→ Task material:

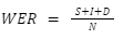 WER is calculated as follows,
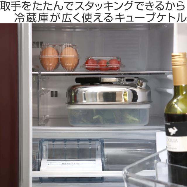 取っ手をたたむとスタッキングできる 薄型のキューブケトル
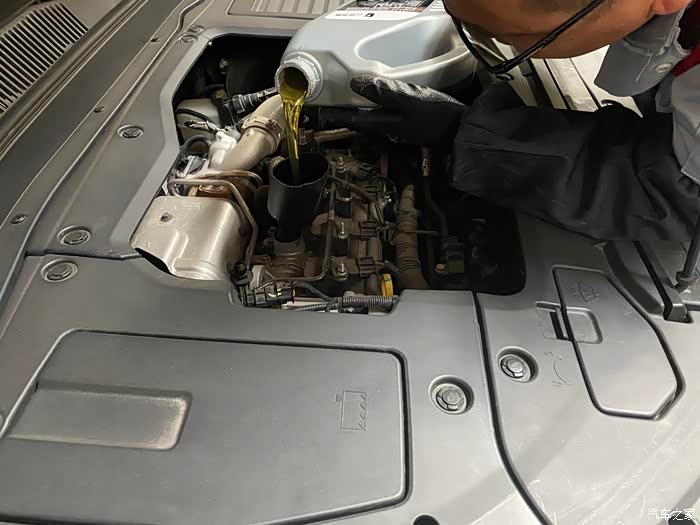 开始加注新的原厂合成5w-30机油,选择全合成可以更好的保护发动机,让其发挥最佳性能.
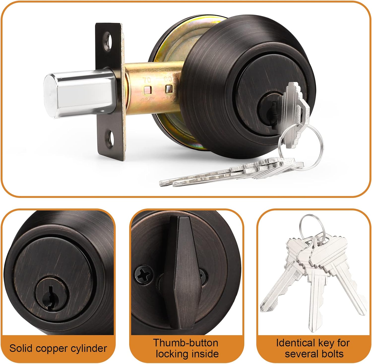 Sturdy and Easy to Clean: Made from zinc alloy, these deadbolts are built to last and are simple to maintain.
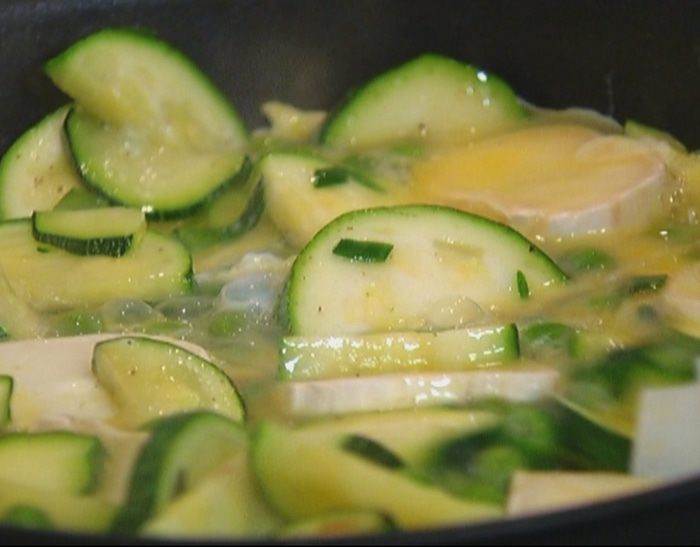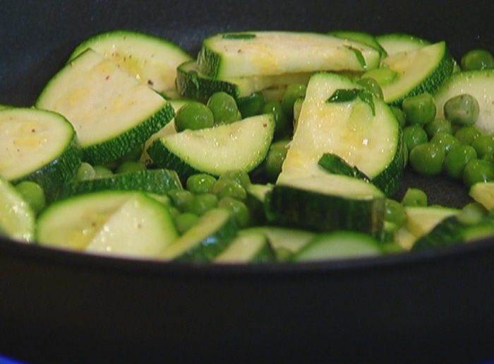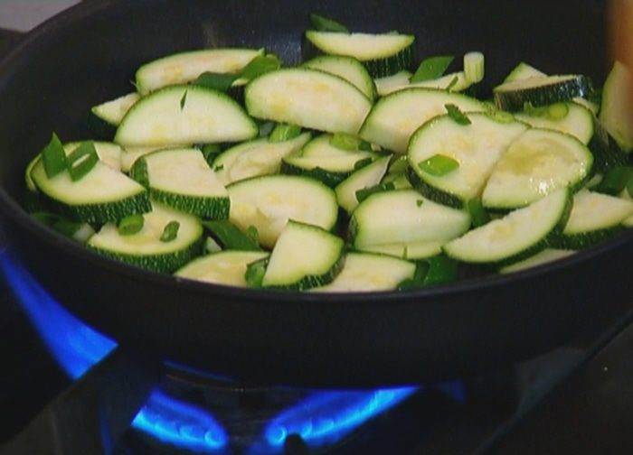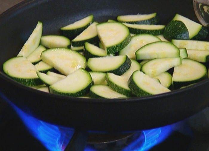 Разогреть в сковороде со съемной ручкой оливковое масло и обжарить цукини.
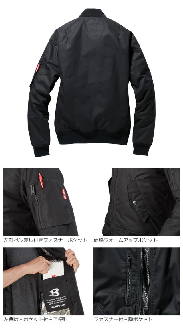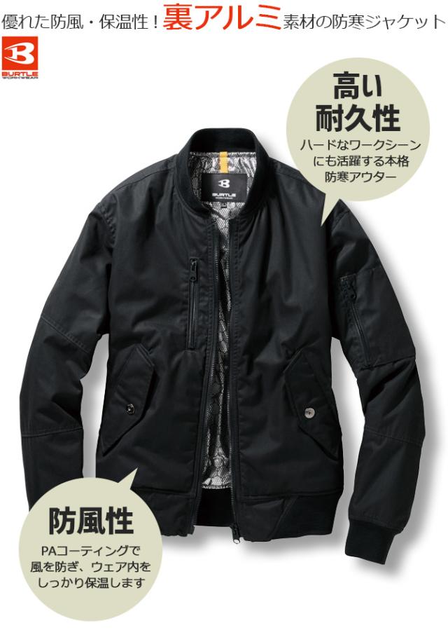 | BURTLE(バートル)のミリタリーテイストの中綿入り防寒ジャケットです。 耐久性のあるT/Cタッサー素材を採用し、PAコーディングの防風性と裏地アルミフィルムラミネートの保温性により、優れた防寒性と優れた耐久性を両立しています。 ポケット類も充実しており、両脇のポケットは手を入れると温かいウォームアップポケットになっています。 普段使いもできるスタイリッシュなデザインの定番フライトジャケットを、ハードなワークシーンでしっかりと機能する本格ワーク仕様に仕上げています。 | ||||||
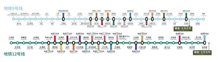 项目坐拥9号线与12号线双轨交汇,9站速达陆家嘴,2站金桥核心。未来21号线开通后,更可4站至张家浜、6站至张江。金海路高架、外环高速等城市主干道环绕,自驾通达全城。
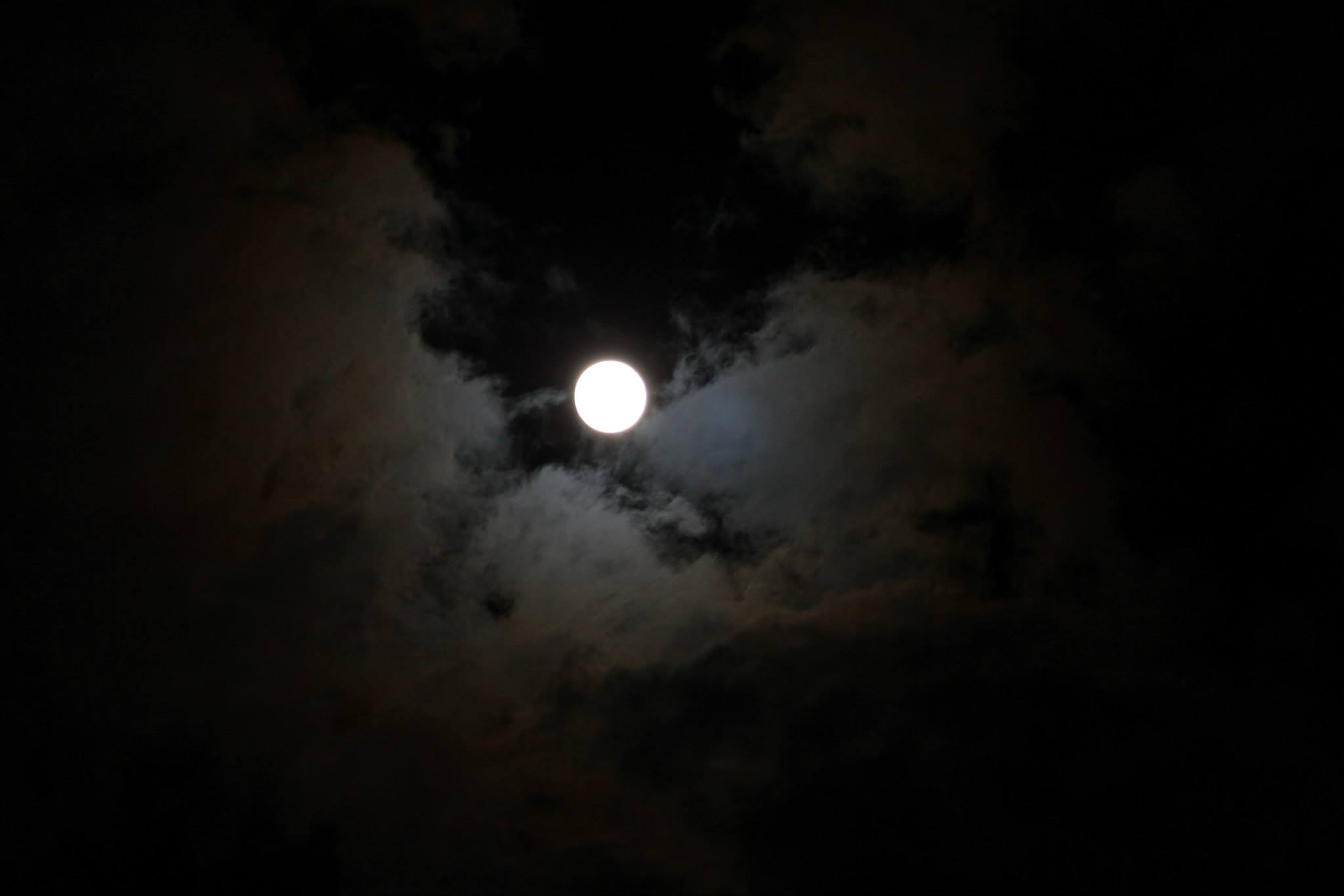 The moon shines in the darkness.
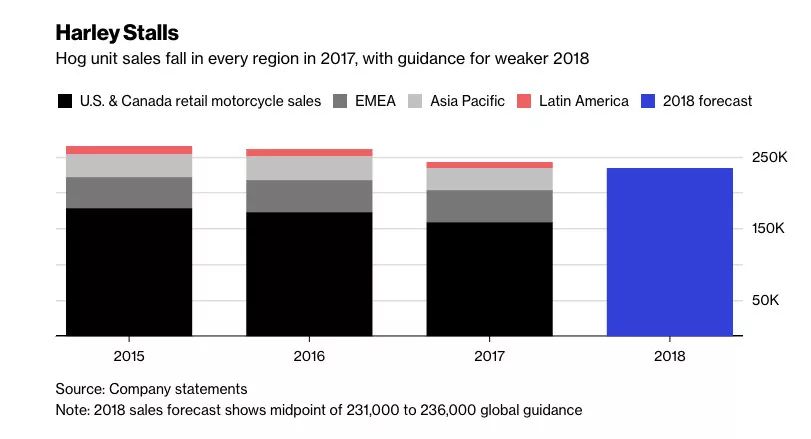 图片来自:彭博社 不只哈雷,几乎所有的传统摩托车制造商都在经历这种转型期的阵痛。在 2017 年第四季度,美国摩托车市场的整体销售额减少了差不多 6.5%。 也许对经历过上个世纪六七十年代嬉皮士文化的 “垮掉的一代” 来说,能够拥有一辆体型巨大、声音也巨大的哈雷摩托车,是一件 “很酷” 的事情;但对正在统治当下的千禧一代来说,哈雷可能已经是一件老古董了。
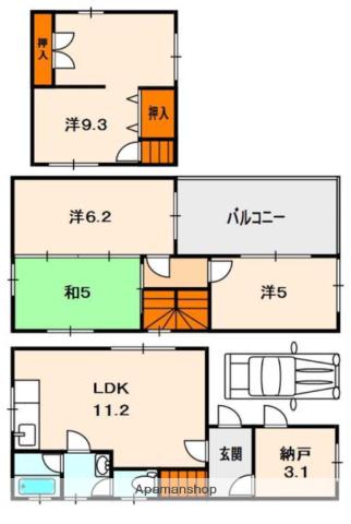 | 間取り詳細 | LDK(11.2帖)、S(3.1帖)、和室(5帖)、洋室(6.2帖)、洋室(5帖)、洋室(9.3帖) | ||
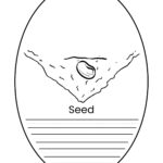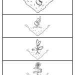 • Kolorowanka z paskami czterech etapów (seed, sprout, plant, flower). Najpierw dziecko koloruje, potem wycina paski poziome i układa w kolejności na ławce lub przykleja na osobnej kartce.
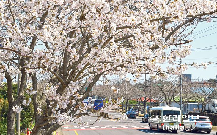 [한라일보] 완연한 봄기운을 보인 23일 서귀포시 성산읍 도로변 왕벚나무에 꽃이 활짝 펴 시선을 사로잡고 있다. 강희만기자
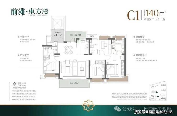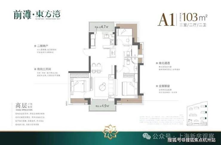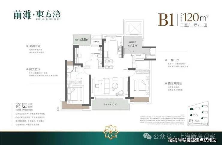 浦东三林「前滩·东方湾」少量建面约103-120㎡3房,均价8.38万/㎡!
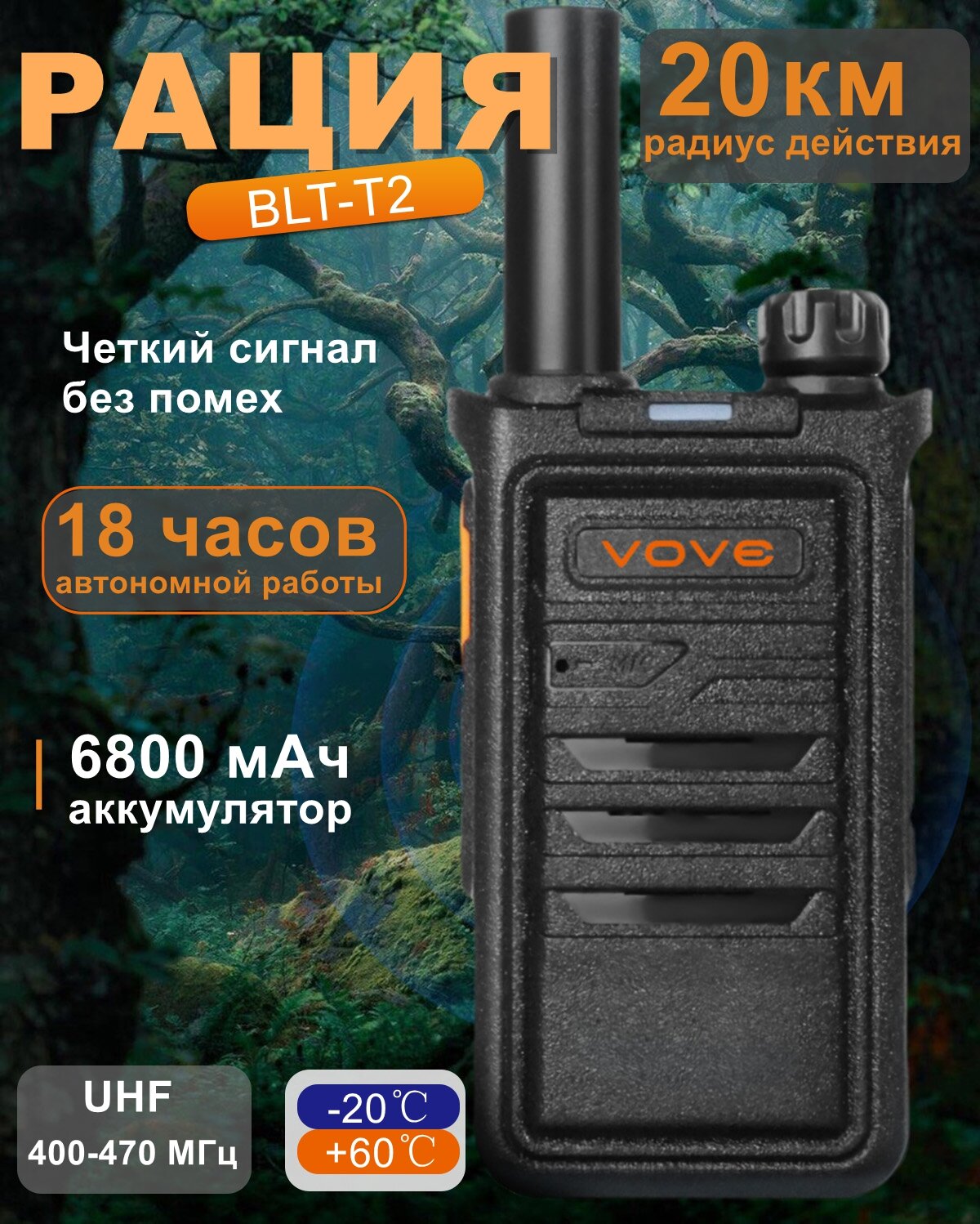 Портативная (дальнодействующая) рация VOVE BLT-T2 12W информация:

→ Task details:
The entries are to be reproduced exactly, excluding any pictures they contain.

→ Answer:
 WER is calculated as follows,
 取っ手をたたむとスタッキングできる 薄型のキューブケトル
 开始加注新的原厂合成5w-30机油,选择全合成可以更好的保护发动机,让其发挥最佳性能.
 Sturdy and Easy to Clean: Made from zinc alloy, these deadbolts are built to last and are simple to maintain.
 Разогреть в сковороде со съемной ручкой оливковое масло и обжарить цукини.
 | BURTLE(バートル)のミリタリーテイストの中綿入り防寒ジャケットです。 耐久性のあるT/Cタッサー素材を採用し、PAコーディングの防風性と裏地アルミフィルムラミネートの保温性により、優れた防寒性と優れた耐久性を両立しています。 ポケット類も充実しており、両脇のポケットは手を入れると温かいウォームアップポケットになっています。 普段使いもできるスタイリッシュなデザインの定番フライトジャケットを、ハードなワークシーンでしっかりと機能する本格ワーク仕様に仕上げています。 | ||||||
 项目坐拥9号线与12号线双轨交汇,9站速达陆家嘴,2站金桥核心。未来21号线开通后,更可4站至张家浜、6站至张江。金海路高架、外环高速等城市主干道环绕,自驾通达全城。
 The moon shines in the darkness.
 图片来自:彭博社 不只哈雷,几乎所有的传统摩托车制造商都在经历这种转型期的阵痛。在 2017 年第四季度,美国摩托车市场的整体销售额减少了差不多 6.5%。 也许对经历过上个世纪六七十年代嬉皮士文化的 “垮掉的一代” 来说,能够拥有一辆体型巨大、声音也巨大的哈雷摩托车,是一件 “很酷” 的事情;但对正在统治当下的千禧一代来说,哈雷可能已经是一件老古董了。
 | 間取り詳細 | LDK(11.2帖)、S(3.1帖)、和室(5帖)、洋室(6.2帖)、洋室(5帖)、洋室(9.3帖) | ||
 • Kolorowanka z paskami czterech etapów (seed, sprout, plant, flower). Najpierw dziecko koloruje, potem wycina paski poziome i układa w kolejności na ławce lub przykleja na osobnej kartce.
 [한라일보] 완연한 봄기운을 보인 23일 서귀포시 성산읍 도로변 왕벚나무에 꽃이 활짝 펴 시선을 사로잡고 있다. 강희만기자
 浦东三林「前滩·东方湾」少量建面约103-120㎡3房,均价8.38万/㎡!
 Портативная (дальнодействующая) рация VOVE BLT-T2 12W информация:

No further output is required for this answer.